Dar es dar, dice drepsler.
Acostumbrado a no pedir ganó simpatía de todo aquél que cruzaba su camino. Fue dándose poco a poco, una moneda, un abrigo, un abrazo, un consejo. Anduvo sin camisa después de vestir tribus enteras, con el estómago cada vez más ruidoso se le veía solitario por parques, bajo sol y lluvia, viento, otoño. Dicen que dio sus riñones a un forastero enfermo, un trozo de hígado a su burro hambriento. Pero Santiago, el flacucho ojos vivos nunca pidió a cambio ni las gracias, porque la satisfacción decía es propia del dar. Pasaron sus segundos dieciocho años, sin barba ni pulgares se sentó a respirar bajo un nopal hebreo.

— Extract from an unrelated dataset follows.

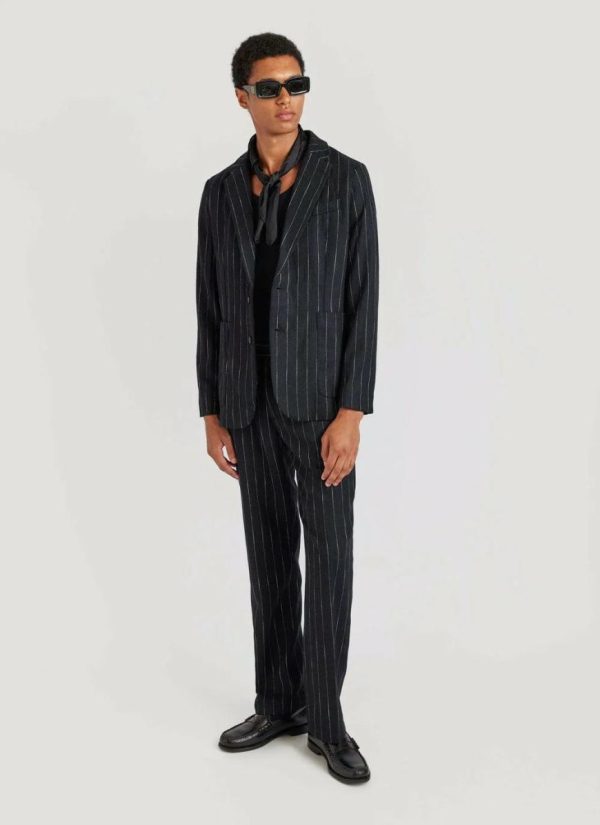 Blazer, the term first appeared in 1952 in an article that referred to a red jacket in a bright, or a ‘blazing’ red colour. Percival Tailored Blazers then, blazing. Maybe not in red. A fine designer tailored Blazer in a blazing pinstripe. Perfect for pairing with the matching pinstripe trouser, it is a suit after all, or pair with jean, or a 5 pocket trouser – intelligent gent casual, or size up for an oversized blazer blaze look. You do you.
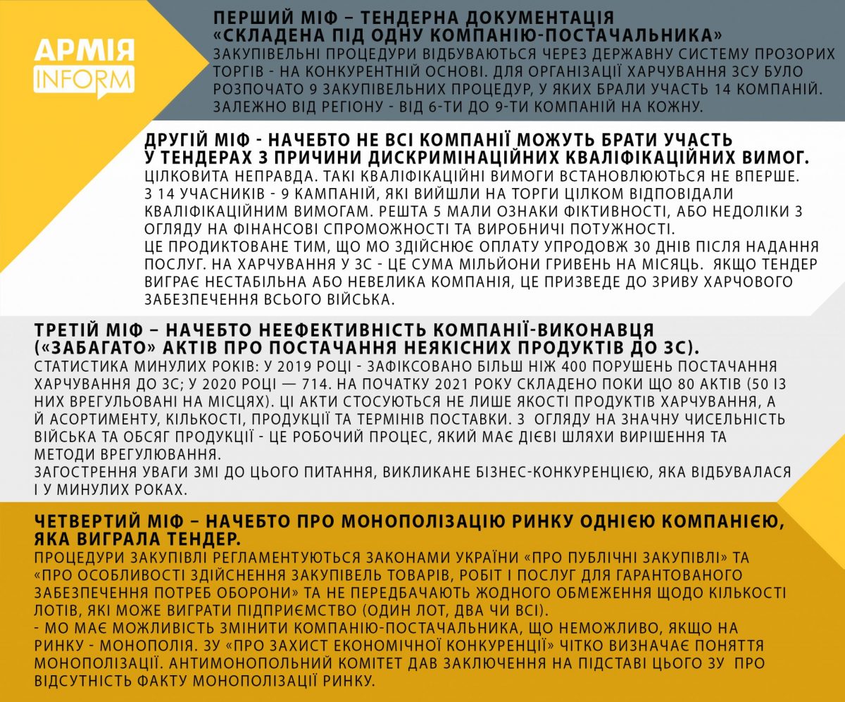 За його словами, перший міф щодо організації харчування в українській армії полягає в тому, що начебто тендерна документація складена під одну компанію-постачальника.

Por la mañana había recolectado armónicas con dientes torpes, así que escogiendo la más vieja comenzó a tocar. Uno, dos, diez; de la melancolía saltó a la tristeza, ningún ritmo parecía escucharse. Lo que sí escuchó fueron unos pasos descalzos, un olor violeta agridulce; era una mujer de cabellos negros enraizados a ojos aún más negros. Ella lo miró con desdicha. Una dama. Él volvió perturbado a su armónica y ella a punto de saltar a la maré cantó. Un suspiro largo con lágrimas entrecortadas era su tono. Santiago, comenzó a rumbear desde muy dentro: frutas secas, suerte, esperanza, iba dando la vida, el corazón, el amor de hombre a mujer que nunca conoció. Y se dio, durmió por siempre al tiempo que la dama retrocedió para seguir andando allí, donde dicen que aún lo hace con tremendo palpitar.